Creating Fendi Fashion As Architecture For Spring/Summer 2024
It’s not every day a Fashion House recognises architects as auteurs, but if you can design a towering skyscraper you can design a bag, right? In the case of Kengo Kuma it appears to be true, as he’s left his mark all over the Fendi Spring Summer 24 collection. His materials of choice was washi paper, woven bamboo, birch bark, and Tuscan olivewood. It’s not your typical fashion materials but it fits with Kuma’s passion for working sustainably and surprising everyone with what organic materials can do with recent technological advances.
“I’ve always thought of Kengo Kuma as a master of naturalist architecture.” says Artistic Director Silvia Venturini Fendi “He was one of the first to understand the importance of building nature into architecture both inside and out.”
“Nature and craft have always been at the centre of my work as an architect and a designer.
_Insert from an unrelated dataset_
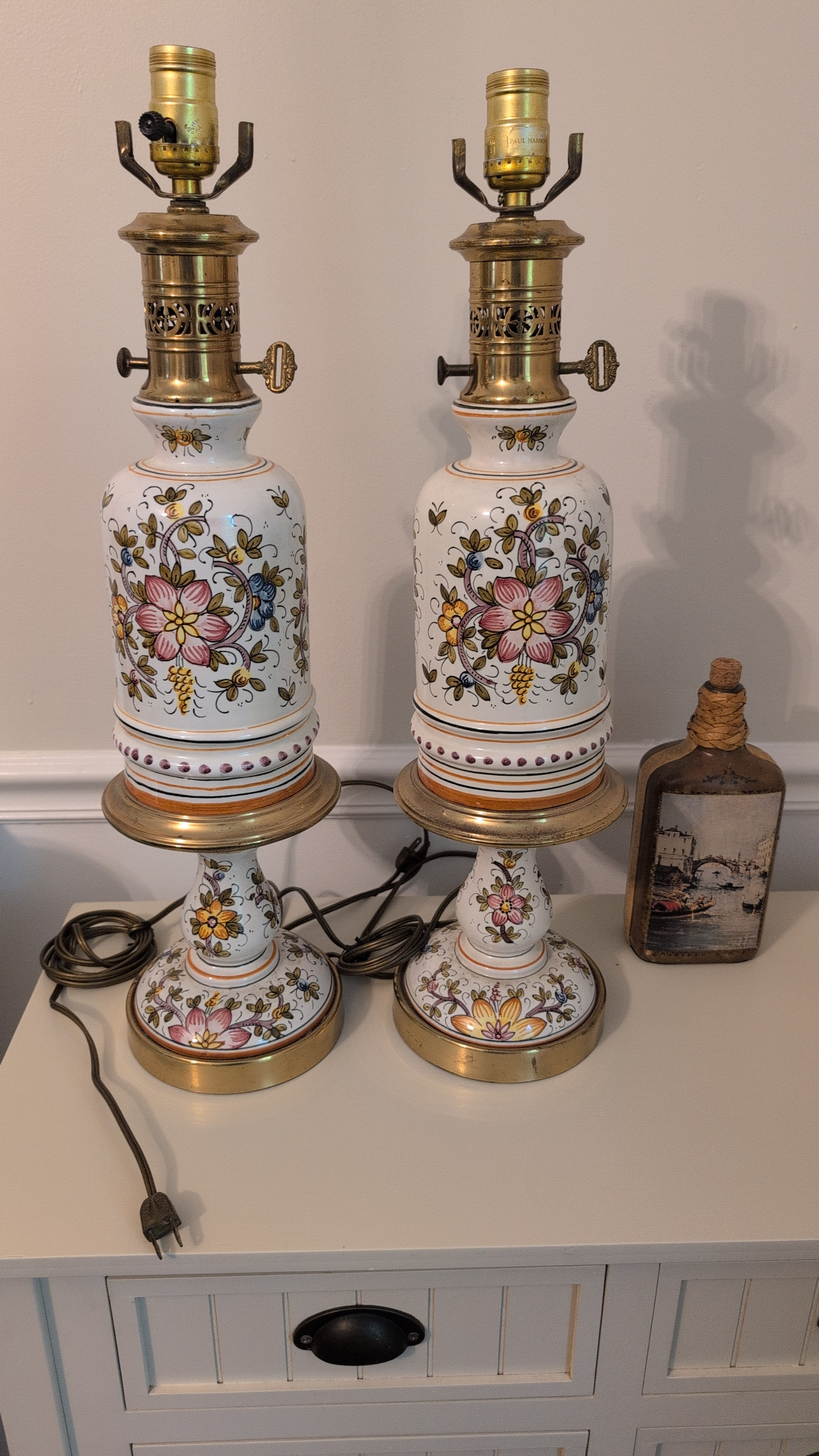 Medium: Hand-painted ceramic/porcelain bases with brass fittings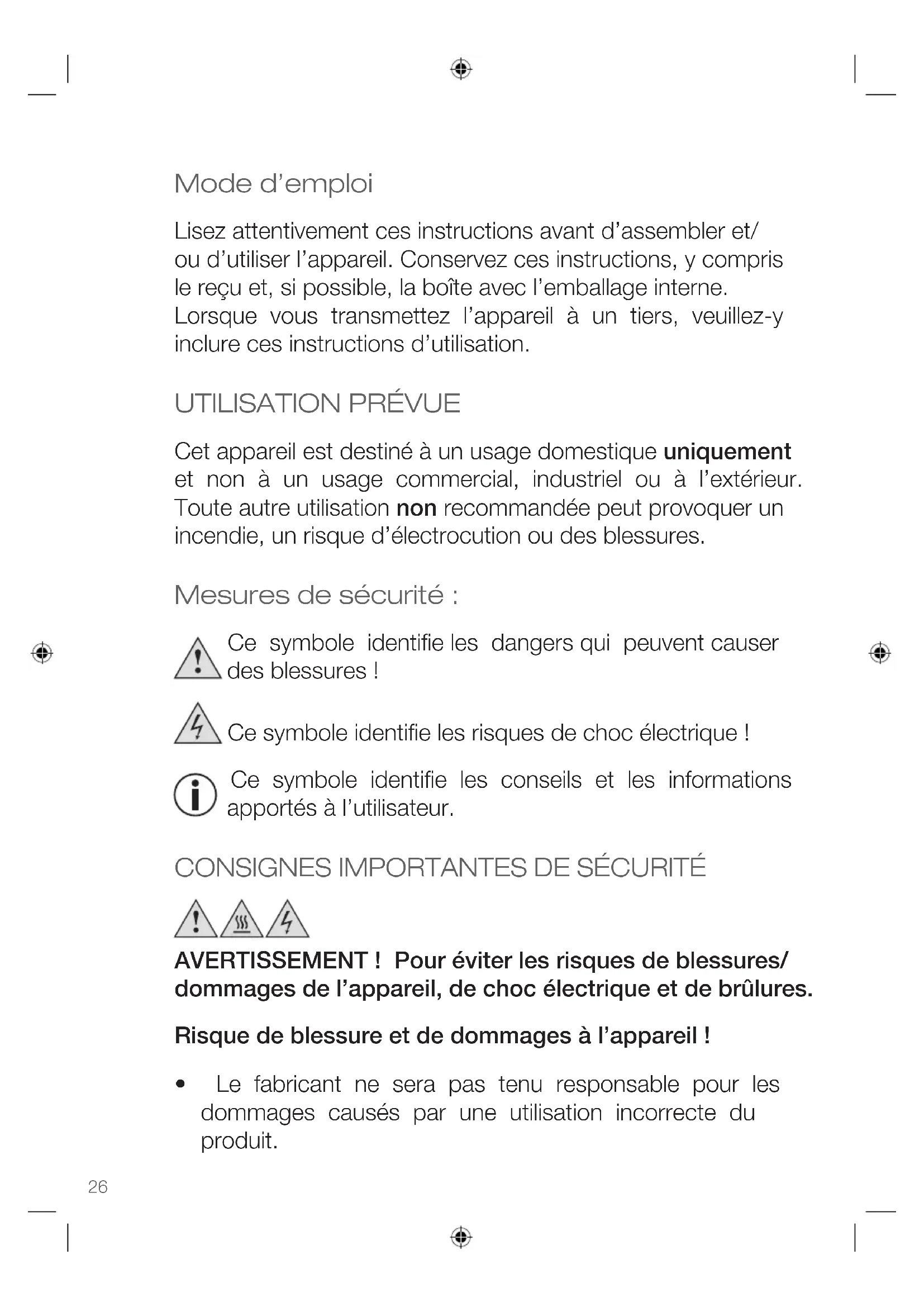 Cet appareil est destiné à un usage domestique uniquement et non à un usage commercial, industriel ou à l’extérieur. Toute autre utilisation non recommandée peut provoquer un incendie, un risque d’électrocution ou des blessures. Mesures de sécurité : Ce symbole identifie les dangers qui peuvent causer des blessures ! Ce symbole identifie les risques de choc électrique ! Ce symbole identifie les conseils et les informations apportés à l’utilisateur.

When Fendi asked me to reflect on their bags and shoes, I thought of them like small architectural projects on a human scale.” says Kengo Kuma.
In particular the pieces he had a hand in designing were the Peekaboo, the Baguette Soft Trunk and the Flow sneaker.
Kengo has also worked closely with Grand Seiko on their Grand Seiko Boutique Paris Vendôme as well as the Grand Seiko Studio Shizukuishi where craftsmen are inspired to produce tiny works of horological art.